*Assignment*:
Omit any pictures, and restate word for word only the lines from the one with "- 大きいサイズ サイドベルトクラッシュデニムパンツ XL★used44" through the end of the data below.

══════════

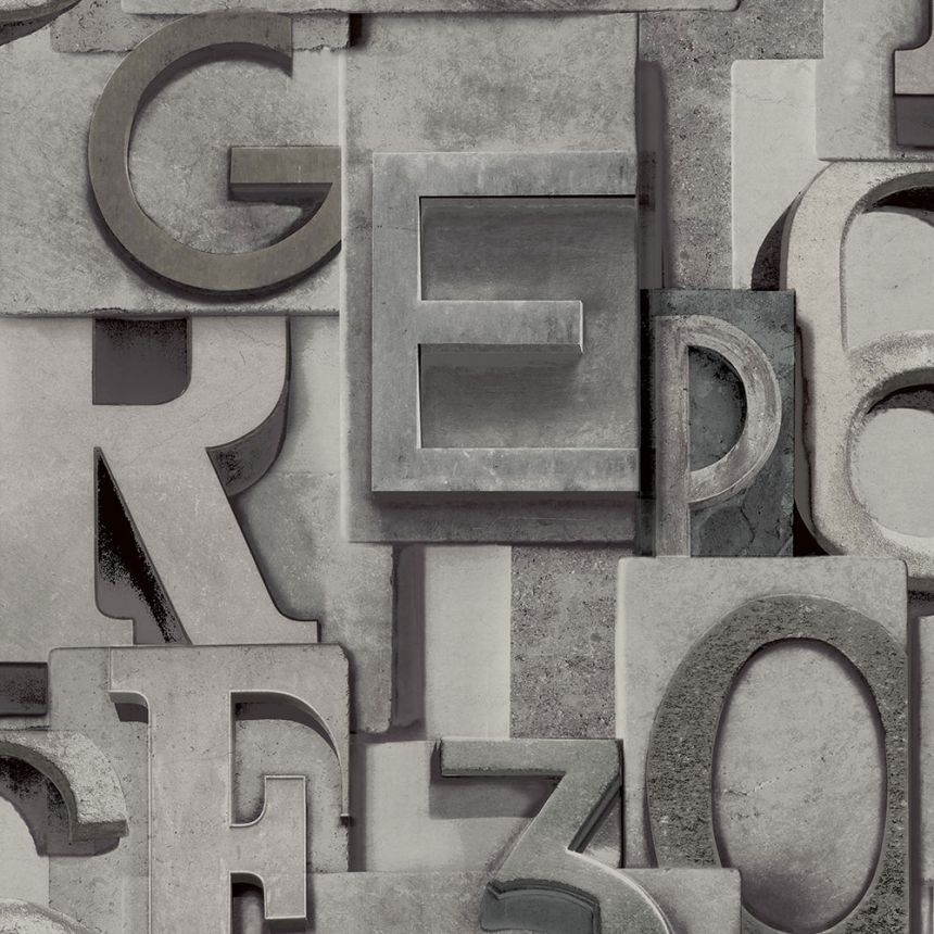 Šedočerná vliesová tapeta na zeď, 3D efekt písmena a číslice.
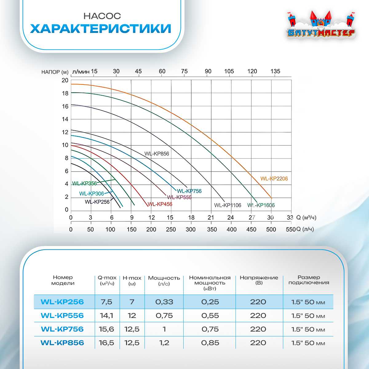 • Производительность: 6,5 м³/ч при 10,5 м напора
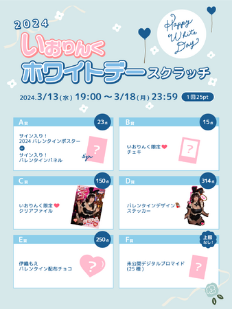 そしてこの度 3/13〜3/18の6日間、公式ファンコミュニティ『いおりんく』にて「ホワイトデースクラッチ企画」の開催が決定しました!
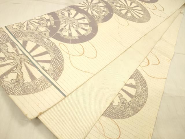 平和屋着物 夏物 アンティーク 大正ロマン 全通柄袋帯 流水鹿の子車文 正絹 cm
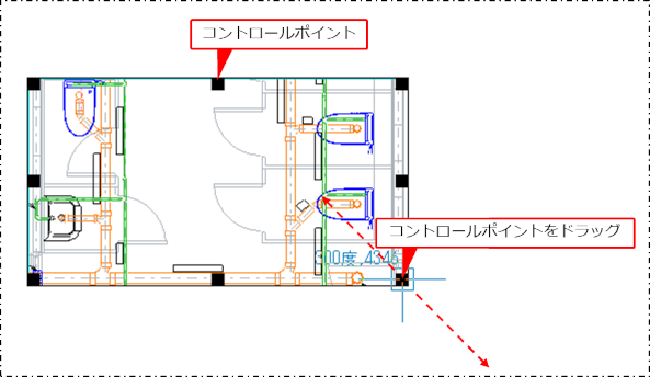 コントロールポイントをドラッグし、拡大・縮小する方向へマウスを動かします。
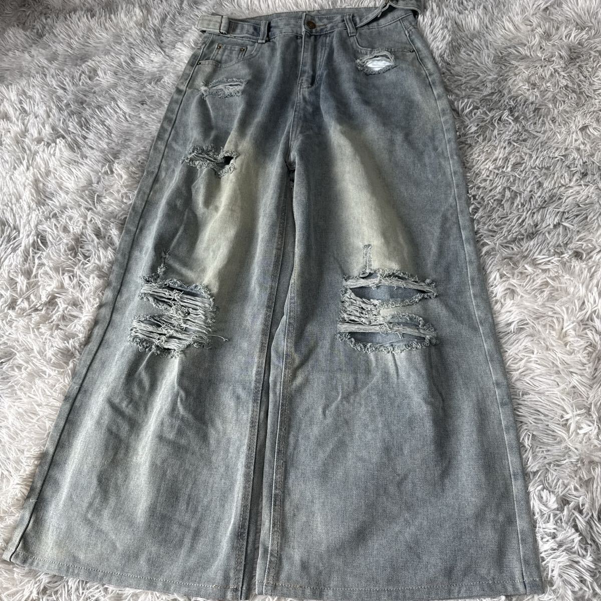 - 大きいサイズ サイドベルトクラッシュデニムパンツ XL★used44
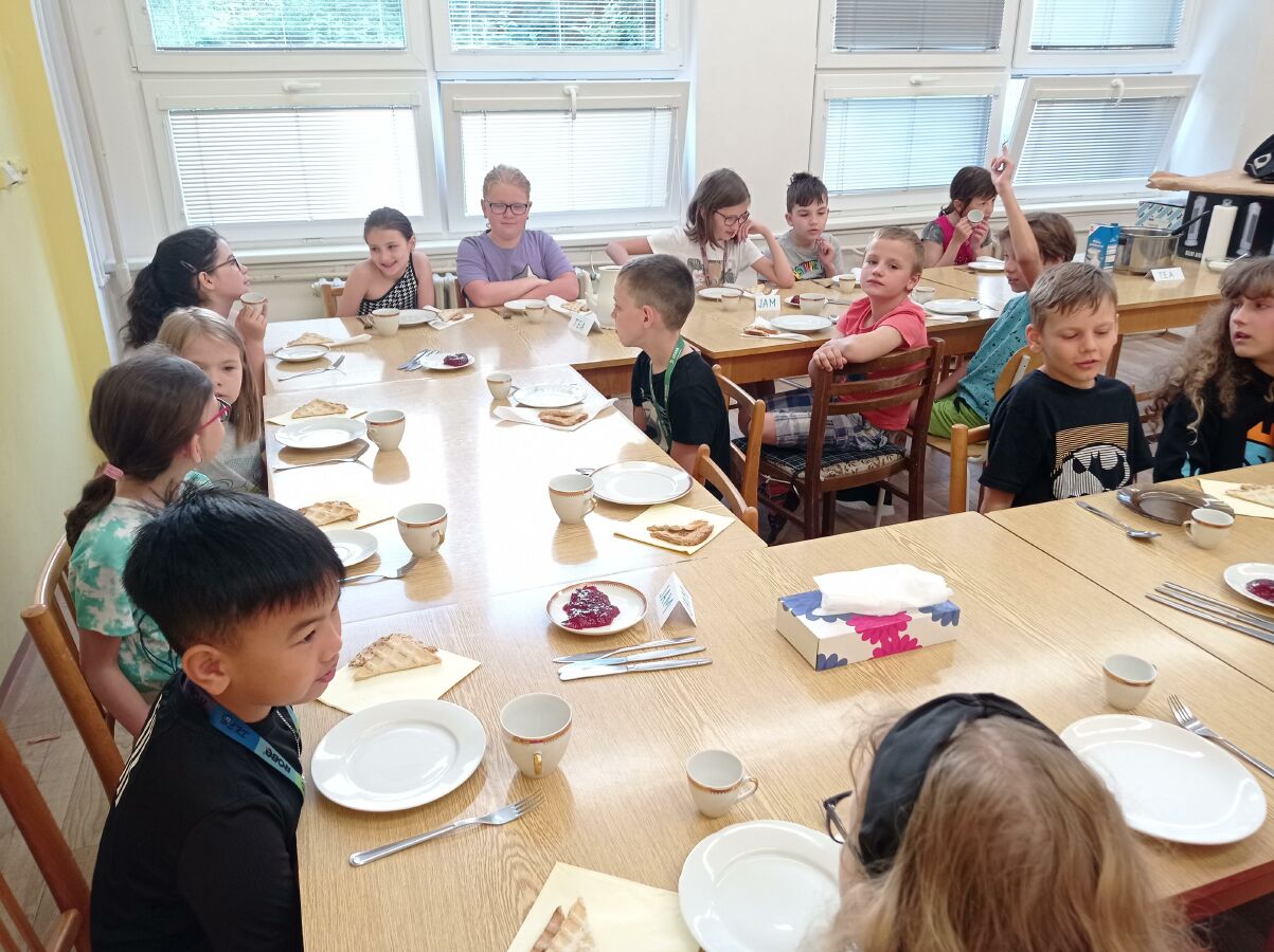 K pití byl anglický černý čaj s mlékem, ovocný čaj a džus.
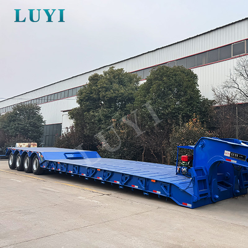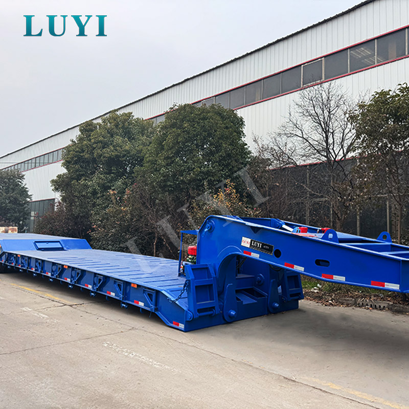 4-osiowa naczepa niskopodwoziowa LUYI typu "gęsia szyja" pochodząca z Shandong w Chinach to wysokiej jakości naczepa specjalnie zaprojektowana do transportu ciężkich ładunków. Zbudowany ze stali premium, ma masę własną wynoszącą zaledwie 6350 kg, nośność znamionową 50 000 kg i maksymalną ładowność w zakresie od 30 ton do 200 ton, co zapewnia wyjątkową nośność.

══════════

*Exercise solution*:
 - 大きいサイズ サイドベルトクラッシュデニムパンツ XL★used44
 K pití byl anglický černý čaj s mlékem, ovocný čaj a džus.
 4-osiowa naczepa niskopodwoziowa LUYI typu "gęsia szyja" pochodząca z Shandong w Chinach to wysokiej jakości naczepa specjalnie zaprojektowana do transportu ciężkich ładunków. Zbudowany ze stali premium, ma masę własną wynoszącą zaledwie 6350 kg, nośność znamionową 50 000 kg i maksymalną ładowność w zakresie od 30 ton do 200 ton, co zapewnia wyjątkową nośność.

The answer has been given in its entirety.